25 YEARS OF CONSISTENT GROWTH
IN SPECIALTY MARKET

Black/White & Associates succeeds in hard and soft markets as traditional MGA, aggregator and program specialist

By Elisabeth Boone, CPCU


At top are Euclid Black, Chief Executive Officer of Black/White & Associates, and Paul White, President and Chief Operating Officer. Below, left to right, is Ira Dawer, Executive Vice President and head of the New Jersey office, with Euclid and Paul.

When it comes to helping retail agents navigate the complex market for specialty coverages, the partners who own Black/White & Associates head a team that's close knit, experienced, and focused.

Established in 1979 by Euclid Black and Paul White, the organiza-tion is still led by these founding partners, with Black serving as chief executive officer and White as president. The organization has offices in Las Vegas; Oakland, California; Palm Springs, California; Chicago; Kinnelon, New Jersey; and Richardson, Texas. Black/White's strategy involves acquiring specialty insurance operations that hold a dominant market position within their geographic areas. Black/White blends a strong centralized financial and administrative structure with a decentralized operating structure to give its affiliates both flexibility and support.

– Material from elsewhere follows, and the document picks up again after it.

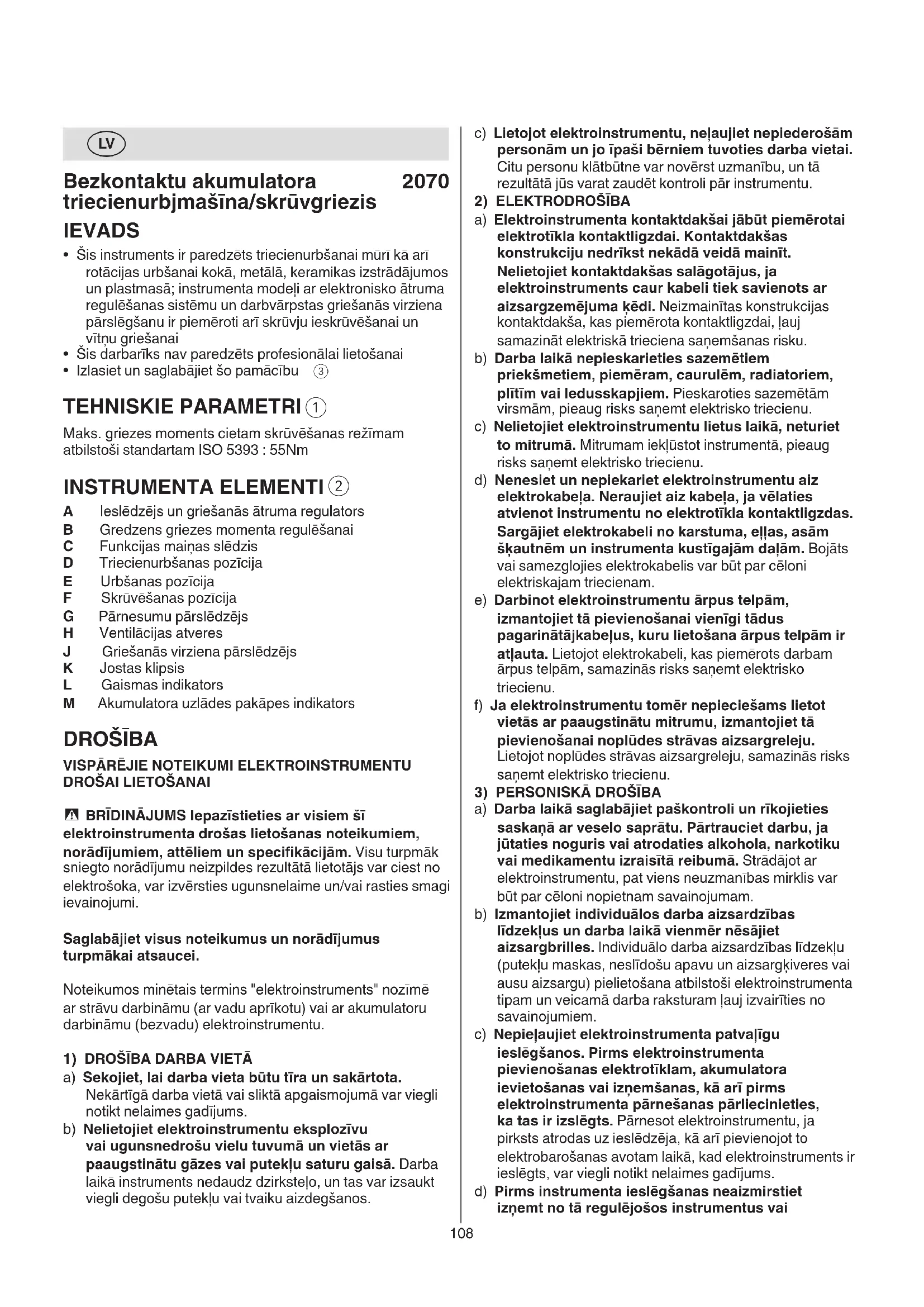 A Ieslēdzējs un griešanās ātruma regulators B Gredzens griezes momenta regulēšanai C Funkcijas maiņas slēdzis D Triecienurbšanas pozīcija E Urbšanas pozīcija F Skrūvēšanas pozīcija G Pārnesumu pārslēdzējs H Ventilācijas atveres J Griešanās virziena pārslēdzējs K Jostas klipsis L Gaismas indikators M Akumulatora uzlādes pakāpes indikators DROŠĪBA

"When we started Black/White in San Francisco in 1979, we didn't want to be just another wholesaler; we wanted to meet a genuine need," Black says. "We determined that independent agents needed high-quality, aggressive brokering. In those days, there were brokers like Sayre & Toso, Swett & Crawford, and Cravens, Dargan, who worked mainly with the big houses. No one was paying attention to the two- or three-man shops. Paul and I resolved that we would do an outstanding job of brokering to that smaller independent agent who was being overlooked by the big guys," Black says. "We opened our doors and began to line up brokers in the San Francisco area. We pounded the pavement day after day, and ultimately we signed up some 100 brokers."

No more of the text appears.